Dados do Trabalho
MARINESCO-SJOGREN SYNDROME: A CASE REPORT
Apresentação do caso
We describe a 9-year-old female child, referred to a tertiary medical center to investigate delay in neuropsychomotor development. Child born from a consanguineous couple, without any report of complications during the gestational and perinatal period. Since her first months of life, strabismus and nystagmus were observed. At 4 months of age, no cephalic support was observed, and presented delay in all posterior milestones, being able to walking with support at 2 years and since then, she did not develop independent gait so far. Neurological examination revealed microcephaly, dysmorphisms such as synophrys, small nose, high palate, flat feet, multidirectional nystagmus, bilateral convergent strabismus and dysarthria. Cerebellar gait, trunk-limb dyssynergy were part of global ataxia observed. During the first years of life, she presented global hypotonia, but improved this symptom. Cataract was detected at 4 years of age. She also has learning difficulties, without acquiring the ability to read and write. Complementary exams showed an increase in CPK of 370 and magnetic resonance demonstrated volumetric reduction of cerebellar parenchyma, atrophic vermis, diffuse enlargement of the CSF spaces and posterior cranial fossa, as of fourth ventricle, and coexistence of T2-weighted and FLAIR signal of the cerebellar cortex.
Initial investigation for recessive ataxias did not present additional information. New generation sequencing identified pathogenic variant in the SIL1 gene, in homozygosity.
We aimed to describe a case report of Marinesco-Sjögren Syndrome. It is a rare autosomal recessive disease, included in ataxia recessive group. Few cases described in the literature, prevalence estimated is less than 1 per million people. The syndrome is characterized by cerebellar ataxia with cerebellar atrophy, dysarthria, nystagmus, early onset of cataracts, myopathy and muscle weakness, in addition to hypotonia. Additional findings also include delay in neuropsychomotor development, hypergonadotropic hypogonadism, short stature and skeletal abnormalities. Cataracts can develop quickly and usually require surgery in the first decade of life.
Diagnosis is concluded with detection of pathogenic variants in the SIL1 gene detected by molecular tests in homozygosity. Therapeutic management primarily supportive and rehabilitative for neurological symptoms. Surgery may be required for cataracts, and hormone replacement therapy for hypothalamic-pituitary axis disorders.
Referências (se houver)
Herva R, von Wendt L, von Wendt G, Saukkonen AL, Leisti J, Dubowitz V. A syndrome with juvenile cataract, cerebellar atrophy, mental retardation and myopathy. Neuropediatrics. 1987;18:164–9.

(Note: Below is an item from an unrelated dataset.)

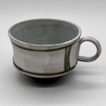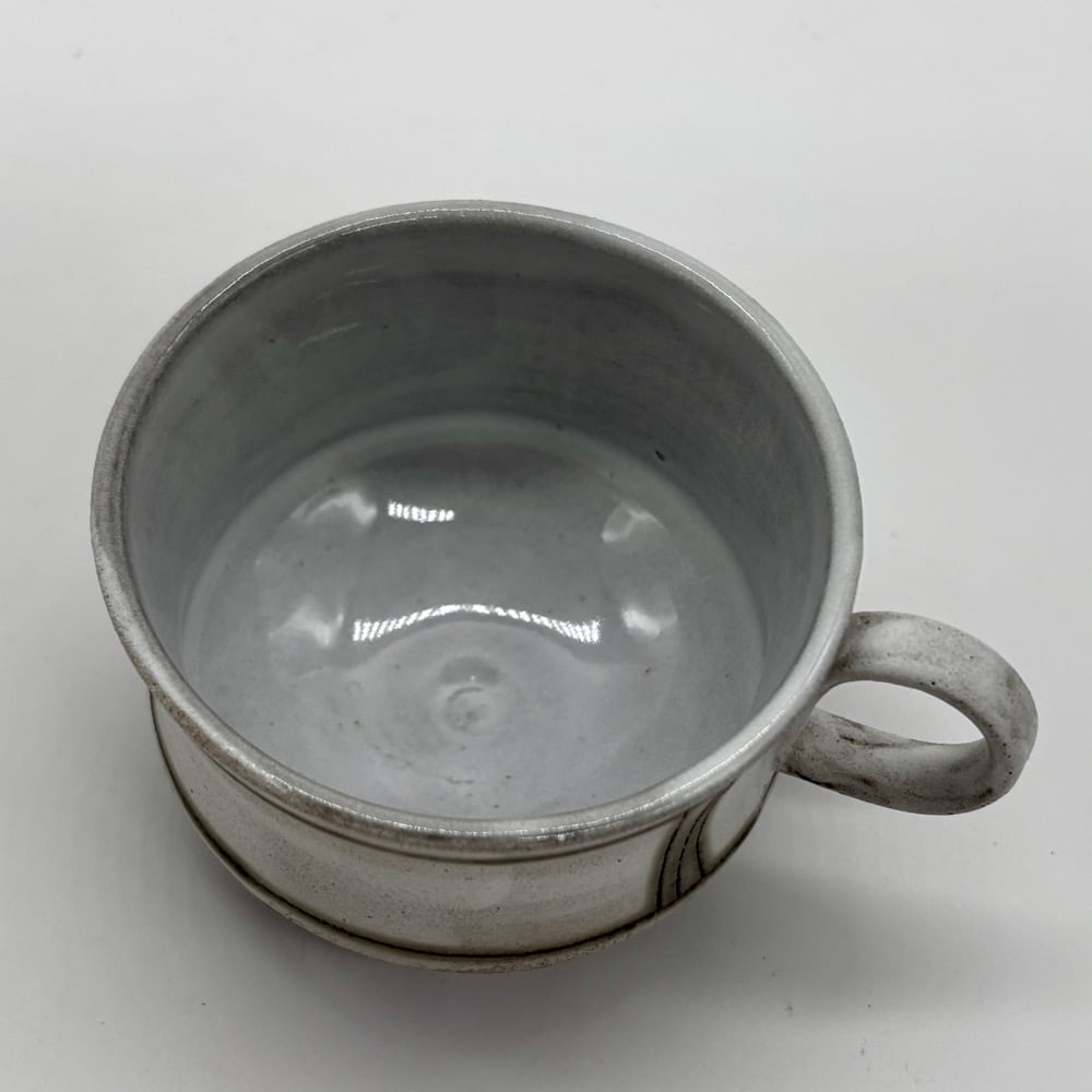 This 6oz Espresso cup is made out of a dark stoneware. It is inlayed with copper carbonate and glazed with a durable white glaze on the inside and a matte white glaze on the outside.

Cerami C, Tarantino P, Cupidi C, Annesi G, Lo Re V, Gagliardi M, Piccoli T, Quattrone A. Marinesco-Sjögren syndrome caused by a new SIL1 frameshift mutation. J Neurol Sci. 2015;354:112–3
Harting I, Blaschek A, Wolf NI, Seitz A, Haupt M, Goebel HH, Rating D, Sartor K, Ebinger F. T2-hyperintense cerebellar cortex in Marinesco-Sjogren syndrome. Neurology. 2004;63:2448–9.
recessive ataxia, next-generation sequencing
Fonte de Fomento (se houver)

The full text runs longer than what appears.